#### DATA PROVIDED
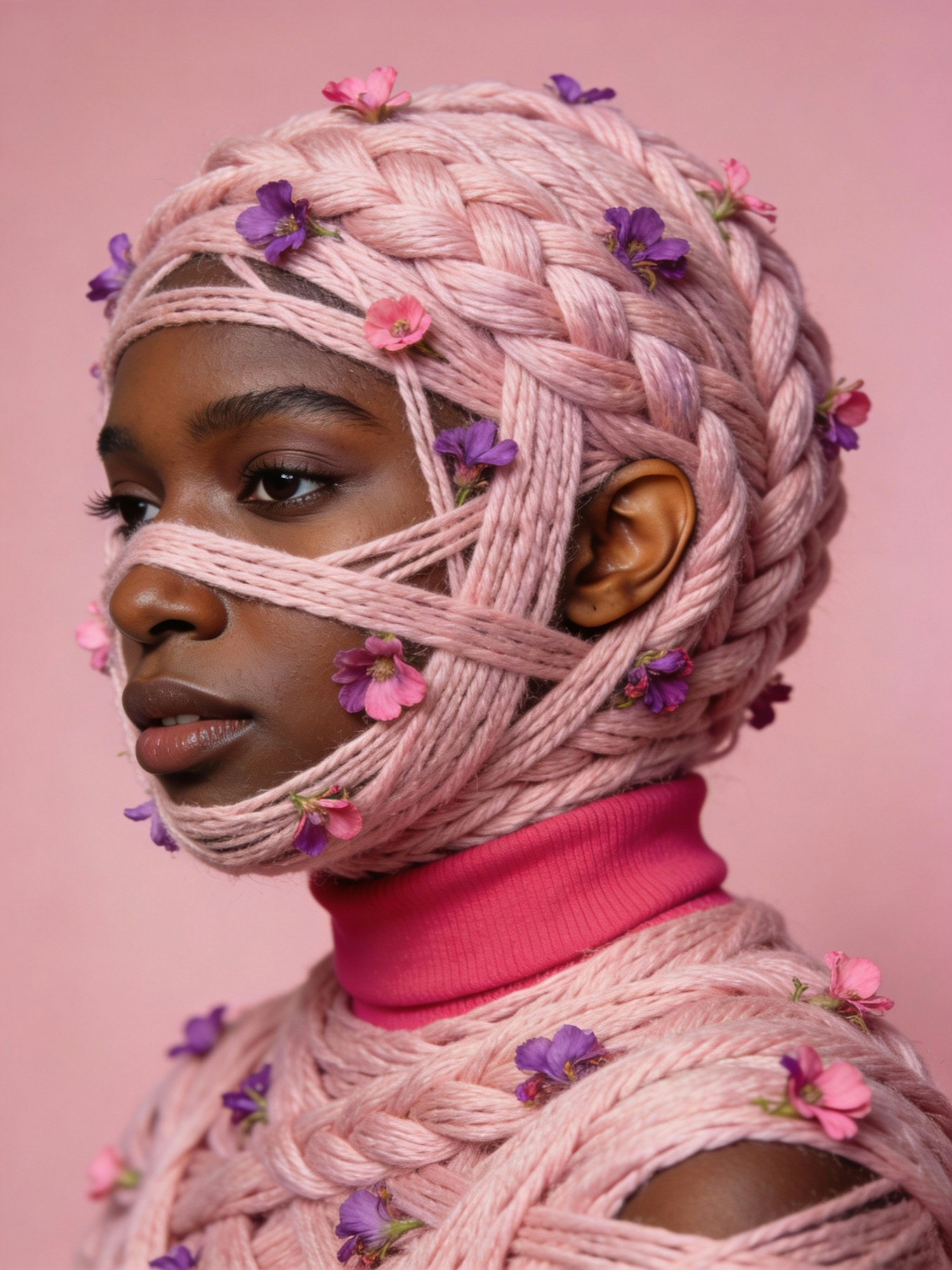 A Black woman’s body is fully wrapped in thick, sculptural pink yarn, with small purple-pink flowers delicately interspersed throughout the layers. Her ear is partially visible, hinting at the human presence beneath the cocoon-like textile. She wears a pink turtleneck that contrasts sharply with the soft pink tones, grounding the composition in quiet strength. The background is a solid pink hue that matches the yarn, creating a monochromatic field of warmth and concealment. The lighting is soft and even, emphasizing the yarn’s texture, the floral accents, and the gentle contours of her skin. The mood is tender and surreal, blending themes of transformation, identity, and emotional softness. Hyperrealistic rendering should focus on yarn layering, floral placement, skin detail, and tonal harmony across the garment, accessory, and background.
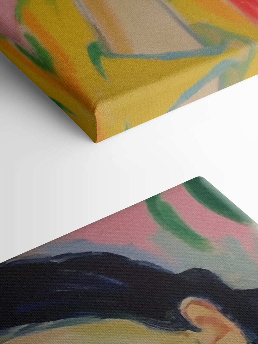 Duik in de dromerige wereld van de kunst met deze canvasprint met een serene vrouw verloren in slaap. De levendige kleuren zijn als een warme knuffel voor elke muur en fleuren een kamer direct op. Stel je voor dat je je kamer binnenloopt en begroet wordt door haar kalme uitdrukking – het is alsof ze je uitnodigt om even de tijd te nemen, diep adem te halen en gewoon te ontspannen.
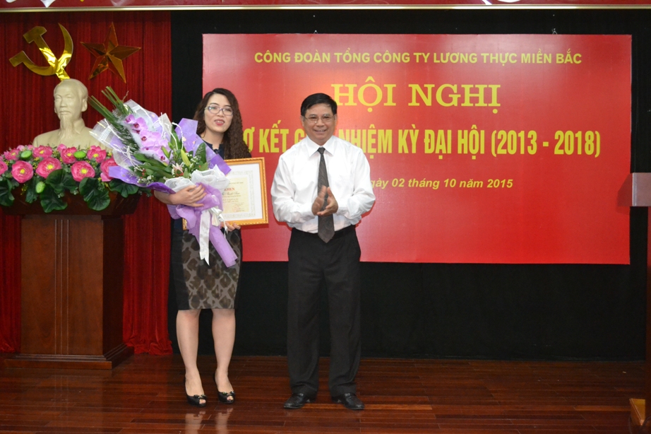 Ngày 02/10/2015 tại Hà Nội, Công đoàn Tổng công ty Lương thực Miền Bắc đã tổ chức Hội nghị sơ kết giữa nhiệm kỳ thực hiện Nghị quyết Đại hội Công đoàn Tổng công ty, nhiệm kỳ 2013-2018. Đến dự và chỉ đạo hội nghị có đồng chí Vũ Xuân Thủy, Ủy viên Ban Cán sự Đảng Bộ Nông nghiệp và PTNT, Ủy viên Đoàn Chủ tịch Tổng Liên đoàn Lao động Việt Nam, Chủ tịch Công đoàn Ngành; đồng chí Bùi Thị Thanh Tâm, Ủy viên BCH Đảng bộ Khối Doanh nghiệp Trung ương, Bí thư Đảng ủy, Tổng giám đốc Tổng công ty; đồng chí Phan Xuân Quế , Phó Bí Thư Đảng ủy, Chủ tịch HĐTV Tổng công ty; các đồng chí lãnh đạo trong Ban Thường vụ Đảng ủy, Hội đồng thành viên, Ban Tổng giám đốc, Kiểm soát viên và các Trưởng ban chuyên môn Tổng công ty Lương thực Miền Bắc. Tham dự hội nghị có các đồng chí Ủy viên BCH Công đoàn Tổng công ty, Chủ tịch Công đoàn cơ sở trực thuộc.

#### ASSIGNED TASK
Restate the full listing word for word, excluding images.

#### PROBLEM SOLUTION
 A Black woman’s body is fully wrapped in thick, sculptural pink yarn, with small purple-pink flowers delicately interspersed throughout the layers. Her ear is partially visible, hinting at the human presence beneath the cocoon-like textile. She wears a pink turtleneck that contrasts sharply with the soft pink tones, grounding the composition in quiet strength. The background is a solid pink hue that matches the yarn, creating a monochromatic field of warmth and concealment. The lighting is soft and even, emphasizing the yarn’s texture, the floral accents, and the gentle contours of her skin. The mood is tender and surreal, blending themes of transformation, identity, and emotional softness. Hyperrealistic rendering should focus on yarn layering, floral placement, skin detail, and tonal harmony across the garment, accessory, and background.
 Duik in de dromerige wereld van de kunst met deze canvasprint met een serene vrouw verloren in slaap. De levendige kleuren zijn als een warme knuffel voor elke muur en fleuren een kamer direct op. Stel je voor dat je je kamer binnenloopt en begroet wordt door haar kalme uitdrukking – het is alsof ze je uitnodigt om even de tijd te nemen, diep adem te halen en gewoon te ontspannen.
 Ngày 02/10/2015 tại Hà Nội, Công đoàn Tổng công ty Lương thực Miền Bắc đã tổ chức Hội nghị sơ kết giữa nhiệm kỳ thực hiện Nghị quyết Đại hội Công đoàn Tổng công ty, nhiệm kỳ 2013-2018. Đến dự và chỉ đạo hội nghị có đồng chí Vũ Xuân Thủy, Ủy viên Ban Cán sự Đảng Bộ Nông nghiệp và PTNT, Ủy viên Đoàn Chủ tịch Tổng Liên đoàn Lao động Việt Nam, Chủ tịch Công đoàn Ngành; đồng chí Bùi Thị Thanh Tâm, Ủy viên BCH Đảng bộ Khối Doanh nghiệp Trung ương, Bí thư Đảng ủy, Tổng giám đốc Tổng công ty; đồng chí Phan Xuân Quế , Phó Bí Thư Đảng ủy, Chủ tịch HĐTV Tổng công ty; các đồng chí lãnh đạo trong Ban Thường vụ Đảng ủy, Hội đồng thành viên, Ban Tổng giám đốc, Kiểm soát viên và các Trưởng ban chuyên môn Tổng công ty Lương thực Miền Bắc. Tham dự hội nghị có các đồng chí Ủy viên BCH Công đoàn Tổng công ty, Chủ tịch Công đoàn cơ sở trực thuộc.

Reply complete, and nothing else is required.